▶ _TASK_: Go to the line in the entries below that holds "Der Blog von" and repeat exactly from there through the line that holds "Mezarlığa ziyarete giden", inclusive.

*** Opening THE RECORDS ***

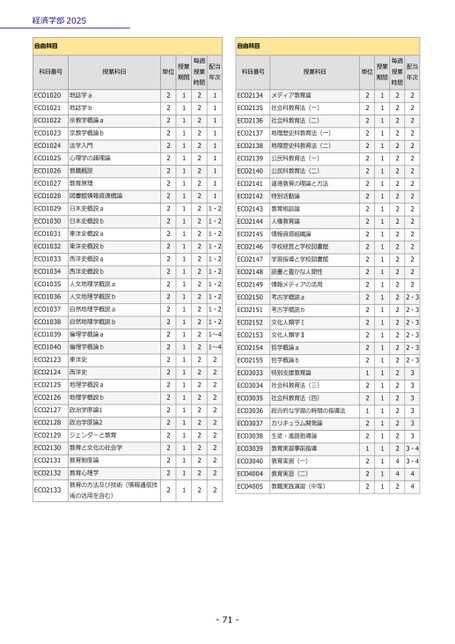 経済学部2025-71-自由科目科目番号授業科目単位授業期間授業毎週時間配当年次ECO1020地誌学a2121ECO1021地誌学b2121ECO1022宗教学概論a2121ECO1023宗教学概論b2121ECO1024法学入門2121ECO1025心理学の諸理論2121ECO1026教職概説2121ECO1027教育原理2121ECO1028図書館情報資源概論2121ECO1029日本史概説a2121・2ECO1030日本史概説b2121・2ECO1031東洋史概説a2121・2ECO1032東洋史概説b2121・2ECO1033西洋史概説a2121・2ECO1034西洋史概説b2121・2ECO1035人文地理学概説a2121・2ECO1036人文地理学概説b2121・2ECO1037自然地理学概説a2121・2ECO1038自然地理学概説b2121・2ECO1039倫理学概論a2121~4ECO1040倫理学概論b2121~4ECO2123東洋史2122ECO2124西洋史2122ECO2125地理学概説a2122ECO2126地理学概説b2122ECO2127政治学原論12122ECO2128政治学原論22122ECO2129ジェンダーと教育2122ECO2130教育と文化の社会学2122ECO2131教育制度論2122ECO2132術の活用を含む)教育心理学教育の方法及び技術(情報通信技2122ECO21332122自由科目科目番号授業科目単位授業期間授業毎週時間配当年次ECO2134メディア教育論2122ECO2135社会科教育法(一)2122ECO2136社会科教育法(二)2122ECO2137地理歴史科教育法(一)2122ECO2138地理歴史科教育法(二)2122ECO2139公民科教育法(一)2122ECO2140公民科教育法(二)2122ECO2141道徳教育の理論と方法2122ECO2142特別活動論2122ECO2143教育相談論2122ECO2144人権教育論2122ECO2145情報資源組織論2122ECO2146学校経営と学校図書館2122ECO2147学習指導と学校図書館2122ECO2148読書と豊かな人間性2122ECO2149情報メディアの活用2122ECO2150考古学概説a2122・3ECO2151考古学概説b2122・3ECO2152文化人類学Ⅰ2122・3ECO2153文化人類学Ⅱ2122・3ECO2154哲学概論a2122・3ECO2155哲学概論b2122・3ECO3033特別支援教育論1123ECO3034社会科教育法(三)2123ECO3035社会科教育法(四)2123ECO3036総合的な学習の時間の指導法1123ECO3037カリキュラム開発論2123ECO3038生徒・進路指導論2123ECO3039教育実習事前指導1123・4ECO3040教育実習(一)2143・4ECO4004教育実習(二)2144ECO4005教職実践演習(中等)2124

*** Closing THE RECORDS ***
*** Opening THE RECORDS ***

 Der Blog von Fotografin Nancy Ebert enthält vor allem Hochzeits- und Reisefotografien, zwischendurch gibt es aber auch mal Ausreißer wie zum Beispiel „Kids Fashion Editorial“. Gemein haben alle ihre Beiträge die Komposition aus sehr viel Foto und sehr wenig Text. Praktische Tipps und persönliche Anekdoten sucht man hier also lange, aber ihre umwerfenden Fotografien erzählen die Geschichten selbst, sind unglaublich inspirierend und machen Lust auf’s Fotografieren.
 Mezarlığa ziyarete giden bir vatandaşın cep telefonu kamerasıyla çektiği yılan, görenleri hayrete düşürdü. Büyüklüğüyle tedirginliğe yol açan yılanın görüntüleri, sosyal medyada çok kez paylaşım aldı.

*** Closing THE RECORDS ***

▶ _EXERCISE OUTPUT_:
 Der Blog von Fotografin Nancy Ebert enthält vor allem Hochzeits- und Reisefotografien, zwischendurch gibt es aber auch mal Ausreißer wie zum Beispiel „Kids Fashion Editorial“. Gemein haben alle ihre Beiträge die Komposition aus sehr viel Foto und sehr wenig Text. Praktische Tipps und persönliche Anekdoten sucht man hier also lange, aber ihre umwerfenden Fotografien erzählen die Geschichten selbst, sind unglaublich inspirierend und machen Lust auf’s Fotografieren.
 Mezarlığa ziyarete giden bir vatandaşın cep telefonu kamerasıyla çektiği yılan, görenleri hayrete düşürdü. Büyüklüğüyle tedirginliğe yol açan yılanın görüntüleri, sosyal medyada çok kez paylaşım aldı.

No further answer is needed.